Hyperbole is the greatest literary device of all time—well, maybe I’m exaggerating but that’s what hyperbole does. And like other classic devices, this one is alive and well in modern media. Although not brand new, the song As Small as a Mouse by Lenka is a wonderful example of clever lyrics and features extensive use of metaphor (As deep as a bite, as dark as the night) and hyperbole (I want to be everything at once!).


Rap lyrics are known for their braggadocio but they also feature plenty of literary devices, most notably the use of flashbacks to explain how the rapper got into his or her current dilemma or to contrast humble origins with recent success.
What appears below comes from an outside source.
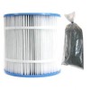 This Bundle includes two items: the Nu-Clear Canister Filter Replacement Cartridge, 25 Micron, for the Nu-Clear Canister Filter Model 533 and 1.5 lbs of Inland Seas Premium Pelletized Activated Carbon (it fits in the middle of the cartridge). This package can also be used for the The Nu-Clear Canister Filter Model 530. The Model 530 does not come from the factory with carbon, but you may want to use carbon with it. Carbon should be replaced in aquariums every one to two months. Cartridge dimensions: 8.5" wide and 8 3/8" tall. Center hole is 4" wide.

For instance, Kodak Black’s current chart-topper, Gremlin, uses flashbacks to excellent effect: “We was just broke with no motion, Sleepin’ on sofas and creeping’ in houses like roaches.” I think Emily Brontë would approve.


In contemporary performance poetry, the 2021 youth poet laureate of the United States, Alexandra Huynh, writes about disasters at home in LA and back in Viet Nam using irony in her line, “They waited for news they did not want to hear” to capture that horrified attentiveness to the news that comes over us during unfolding tragedies.


The myth is that in the literary canon, the works are unmatchable and bejeweled by high literary devices. Not true at all! Curricula just haven’t caught up with contemporary culture, which is overflowing with brilliant writing albeit not always in the form of War and Peace length novels. Teachers who rely on their Norton anthologies of literature are forcing students to board ships as they pass in the night while ignoring the living works that float our boats today.


I admit I’m not a big rap fan, nor do I watch television series at length, but I am a fan of great writing in every medium, which often leads me to google song lyrics or ask to borrow a graphic novel from my teenagers.


Recall that today’s stuffy literary canon is made up of yesteryear’s best sellers!


And nobody has a monopoly on literary devices. Good writing reinvents itself with every generation and should be honored for what it is, not denigrated just because it isn’t in our literature anthologies. Yet.